|
Managing Small Data in Huge Quantities
The Yggdrasil Framework and Sensor.Network Service Make it Easier to Collect, Analyze, Visualize, and Share Data Generated by Net Devices May 27, 2009 -The Internet is no longer just a network of computers. It has evolved into a network of devices of all types and sizes, all connected, all communicating and sharing information all the time: smart phones, cameras, cars, toys, medical instruments, home appliances, even trees embedded with sensors. This "Internet of Things" can generate an enormous volume of very small bits of data: temperature, GPS position, speed, rate of acceleration, compression, humidity, shock, altitude, and so on. Every day we are generating more data faster than ever before. This data can be used to tackle all kinds of issuesfrom global ones like climate change to local ones like improving traffic flow during rush hour. With current state of the art, however, it can be very difficult to access data that scientists do not generate from their own study.
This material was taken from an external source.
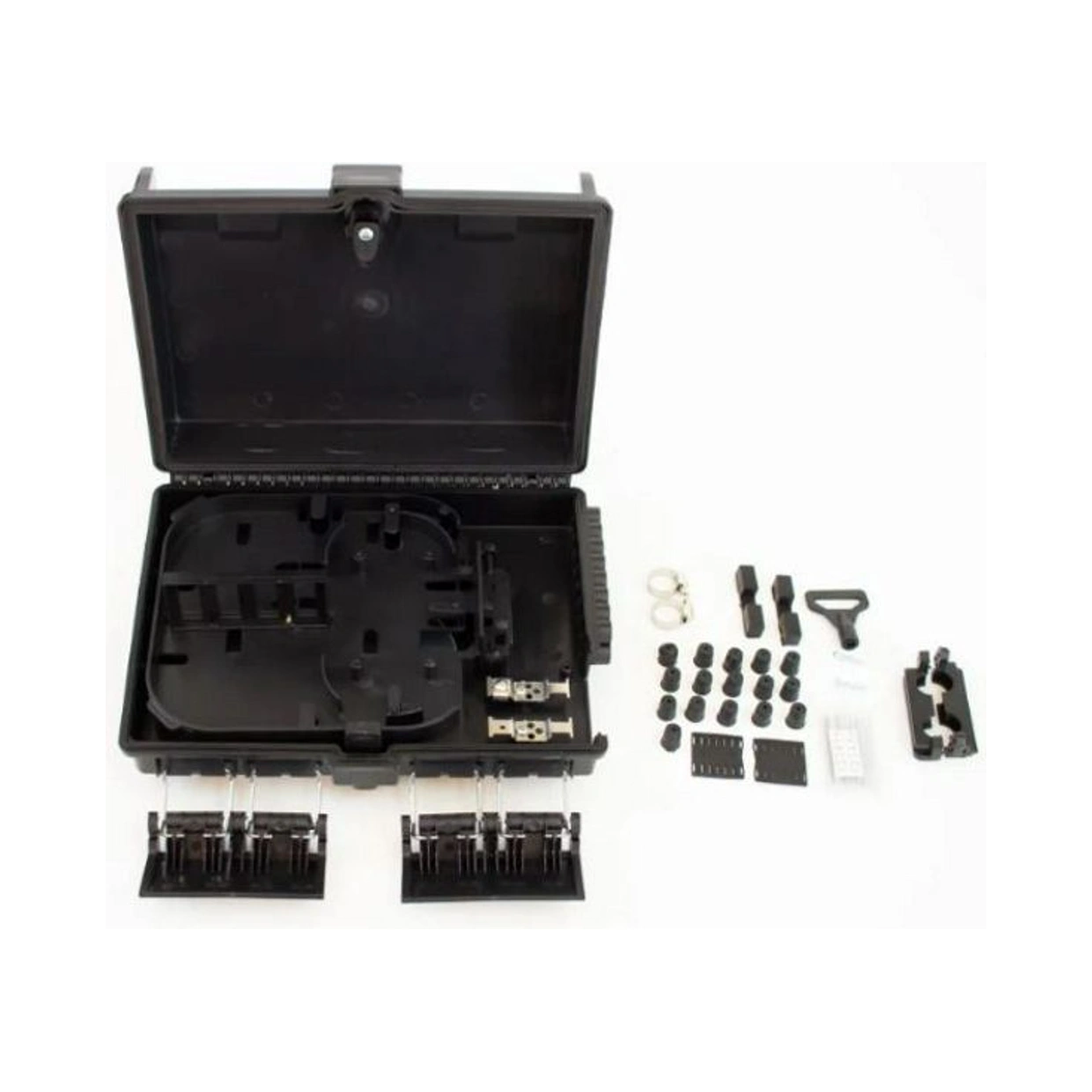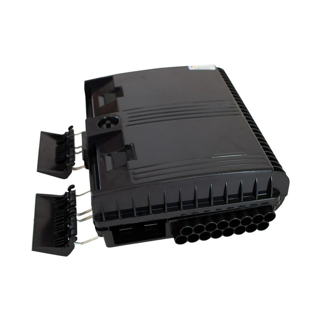 Possui estrutura selada, bandeja para cabo drop, trava de segurança e proteção IP65 contra água e poeira.

In many cases, original data from related studies is hard or impossible to find and only papers with interpretations of the raw data are available. It is difficult to return to the source and draw new conclusions. Similarly, today scientists tend to place sensors where they can be easily accessed rather than where the richest data can be collected. This is because data retrieval from the sensor often requires a physical visit. How can we help scientists collect richer data sets more easily? How can we enable sharing, visualization and analysis of vasts amount of data so it can be interpreted and acted upon?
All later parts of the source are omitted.